📄
Abstract - SGAP-Gaze: Scene Grid Attention Based Point-of-Gaze Estimation Network for Driver Gaze
Driver gaze estimation is essential for understanding the driver's situational awareness of surrounding traffic. Existing gaze estimation models use driver facial information to predict the Point-of-Gaze (PoG) or the 3D gaze direction vector. We propose a benchmark dataset, Urban Driving-Face Scene Gaze (UD-FSG), comprising synchronized driver-face and traffic-scene images. The scene images provide cues about surrounding traffic, which can help improve the gaze estimation model, along with the face images.
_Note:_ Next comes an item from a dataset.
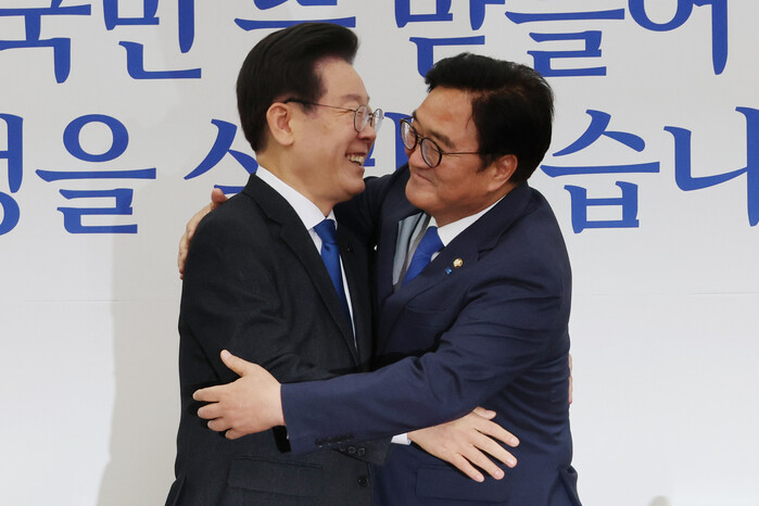 | ▲우원식 국회의장 후보와 인사 나누는 이재명 대표 (사진=연합뉴스) |
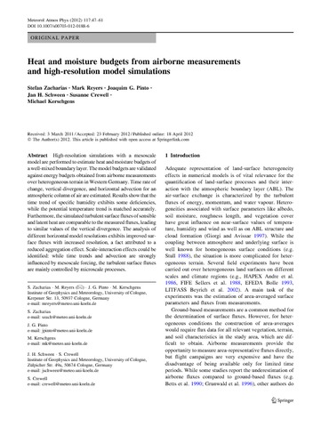 Zacharias, S., Reyers, M., Pinto, J. G., Schween, J. H., Crewell, S. and Kerschgens, M. (2012) Heat and moisture budgets from airborne measurements and high-resolution model simulations. Meteorology and Atmospheric Physics, 117 (1-2). pp. 47-61. ISSN 1436-5065 doi: 10.1007/s00703-012-0188-6

We propose SGAP-Gaze, Scene-Grid Attention based Point-of-Gaze estimation network, trained and tested on our UD-FSG dataset, which explicitly incorporates the scene images into the gaze estimation modelling. The gaze estimation network integrates driver face, eye, iris, and scene contextual information. First, the extracted features from facial modalities are fused to form a gaze intent vector. Then, attention scores are computed over the spatial scene grid using a Transformer-based attention mechanism fusing face and scene image features to obtain the PoG. The proposed SGAP-Gaze model achieves a mean pixel error of 104.73 on the UD-FSG dataset and 63.48 on LBW dataset, achieving a 23.5% reduction in mean pixel error compared to state-of-the-art driver gaze estimation models. The spatial pixel distribution analysis shows that SGAP-Gaze consistently achieves lower mean pixel error than existing methods across all spatial ranges, including the outer regions of the scene, which are rare but critical for understanding driver attention. These results highlight the effectiveness of integrating multi-modal gaze cues with scene-aware attention for a robust driver PoG estimation model in real-world driving environments.
SGAP-Gaze:基于场景网格注意力的驾驶员注视点估计网络 /
SGAP-Gaze: Scene Grid Attention Based Point-of-Gaze Estimation Network for Driver Gaze
1️⃣ 一句话总结
该论文提出了一种结合驾驶员面部信息和周围交通场景图像的新型注视点估计模型SGAP-Gaze,通过引入基于Transformer的场景网格注意力机制,将视觉线索与场景上下文融合,在真实驾驶环境下显著提升了注视点预测的精度,特别是在场景边缘区域也有更好的表现。